Parents and the public in general are results-oriented and don’t care what process is used as long as legal, effective, etc. Thus, when parents and the public talk to educators both sides are “speaking different languages.” This leads to dissatisfaction, frustration and poor communication on real issues.

So what needs to be done? Since the parents and the public are the “customers” for the service provided by the education establishment, it is incumbent on them to learn to speak “results.” This is critical if educators are to begin providing the positive improvement in performance that is long overdue. While educators always try to put a positive spin on each year’s CSAP results, any improvements are illusory at best. Basically nothing has changed for the better in mainline large school districts for decades. And nothing will until the ineffective processes used to manage the education system and the classrooms can be eliminated and replaced with a more results-oriented approach.

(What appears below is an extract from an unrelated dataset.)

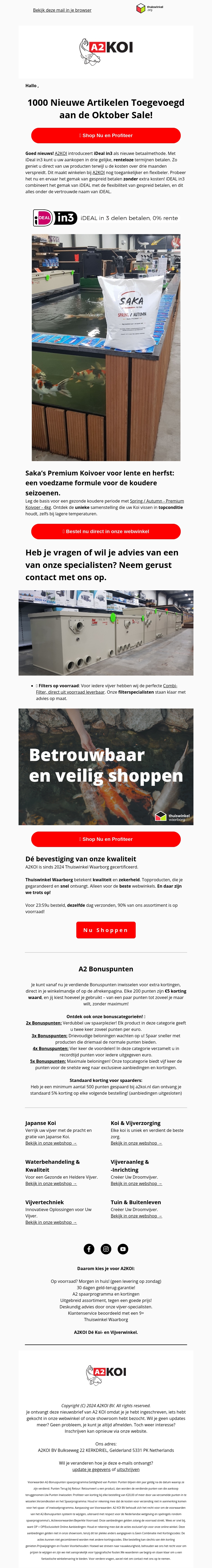 Profiteer van de Oktober Sale met meer dan 1000 nieuwe artikelen toegevoegd aan het assortiment. Krijg exclusieve kortingen op premium producten zoals Saka’s Premium Koivoer. Ontdek betrouwbare en veilige winkelmogelijkheden. Stel vragen aan onze specialisten voor het beste advies. Mis de kans niet om te besparen op waardevolle items.

Following are some data to make the point that the performance is poor and the rate of improvement is nil.

• % Proficient or Higher, examples, from American Institutes for Research, NAEP versus TIMSS, 8th grade math; Singapore at 73%, U.S. at 27%. 17 countries scored above the US.

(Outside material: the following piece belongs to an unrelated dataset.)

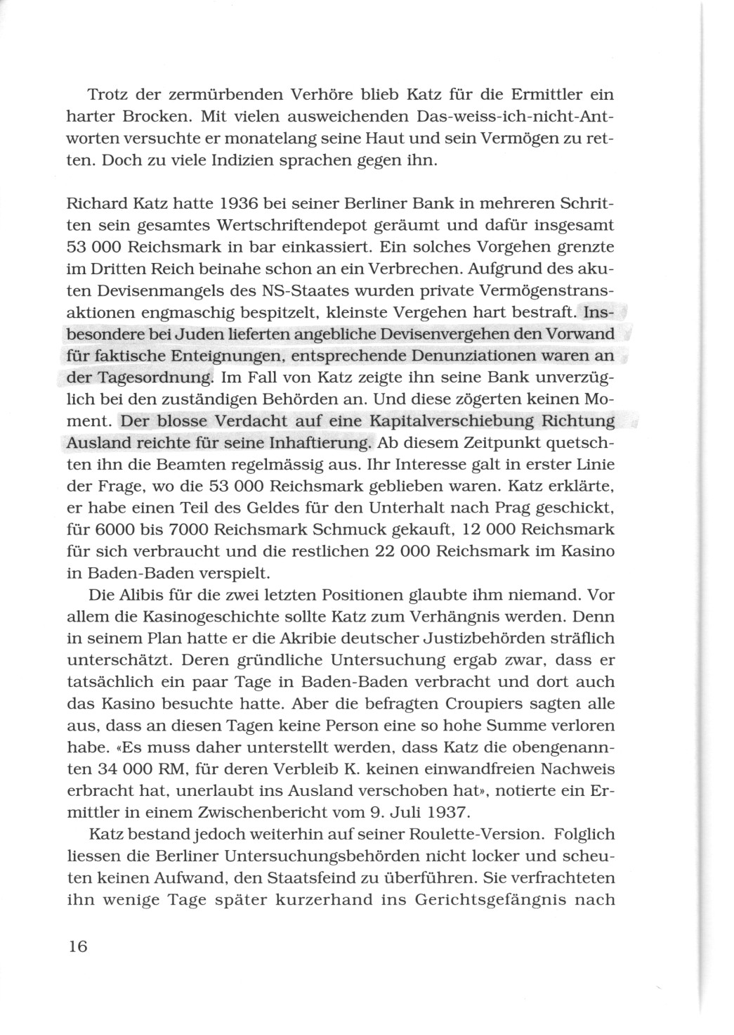 Katz bestand jedoch weiterhin auf seiner Roulette-Version. Folglich liessen die Berliner Untersuchungsbehörden nicht locker und scheuten keinen Aufwand, den Staatsfeind zu überführen. Sie verfrachteten ihn wenige Tage später kurzerhand ins Gerichtsgefängnis nach (S.16)

• Both The Proficiency Illusion, Fordham Inst. with NWEA and Assessing the Role of K-12 Academic Standards in States: Workshop Summary, Nat’l Academies Press, 2007 conclude that Colorado standards for reading and math are at the bottom of the pack compared to other states. The gap is big between Colorado and the states with the highest standards like S. Carolina, Massachusetts, California. Also in The Proficiency Illusion report they comment that the Colorado cut scores were reduced for both math and reading making the “expected improvement if things remained the same just due to the cut score reductions to be significant, as much as 9%.” I have looked at CSAP results for those years for districts and the state. The “improvements” didn’t even indicate that the performance had stayed the same but that it had declined in real terms against the lower standards.

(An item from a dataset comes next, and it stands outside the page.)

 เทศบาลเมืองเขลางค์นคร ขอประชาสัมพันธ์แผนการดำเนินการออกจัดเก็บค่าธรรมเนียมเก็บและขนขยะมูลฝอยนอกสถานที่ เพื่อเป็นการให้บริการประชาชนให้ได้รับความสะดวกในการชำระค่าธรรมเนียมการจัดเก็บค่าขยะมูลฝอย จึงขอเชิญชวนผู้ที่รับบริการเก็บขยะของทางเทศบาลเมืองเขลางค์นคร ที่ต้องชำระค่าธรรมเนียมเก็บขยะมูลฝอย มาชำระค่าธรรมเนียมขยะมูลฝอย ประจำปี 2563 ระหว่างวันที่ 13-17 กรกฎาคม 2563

• The Colorado Closing the Achievement Gap Commission Final Report from 11/05 stated that in spite of spending billions on closing the gap that it was “demonstrably worse” than it had been “a third of a century” earlier when Robert Kennedy said the gap was a “stain on our national honor.”

• A regression analysis for one of the larger school districts in Colorado of reading prof or better vs. free or reduced percentage showed a very high correlation of over 95% with very high significance. I have looked at other districts as well and it holds for them too. So the value added by the ed process is of virtually no importance since the demographic variable appears to be far more important as a predictor of results. My belief is that this is a direct result of educators being told in ed schools (and supported by the core beliefs after getting into the workplace) that schools have little leverage and the student background is the telling factor in achievement. This was the finding of the 1966 Coleman Report. That report has been proven wrong by hundreds of studies since but is still quoted by people who want to use its findings as an excuse for the lack of progress on closing the gap. Isn’t it time to face that the current approach isn’t working and the steady increase in minority students (esp. Hispanic) makes it imperative that we finally add value and fix the problem.

• The process slanted curricula, e. g. Whole Language including its renamed derivatives and EveryDay Math which are content weak have been found in study after study to be very harmful to minority and poor students. The kids that come from more privileged backgrounds have parents who will fill the knowledge gap and make sure their kids get what they need to supplement the content poor offerings in the schools. The gap kids don’t often have that support.

Therefore the current results are not acceptable. The process straightjacket present in large school districts must be removed and replaced with a results ethic if performance is to happen for the benefit of our kids.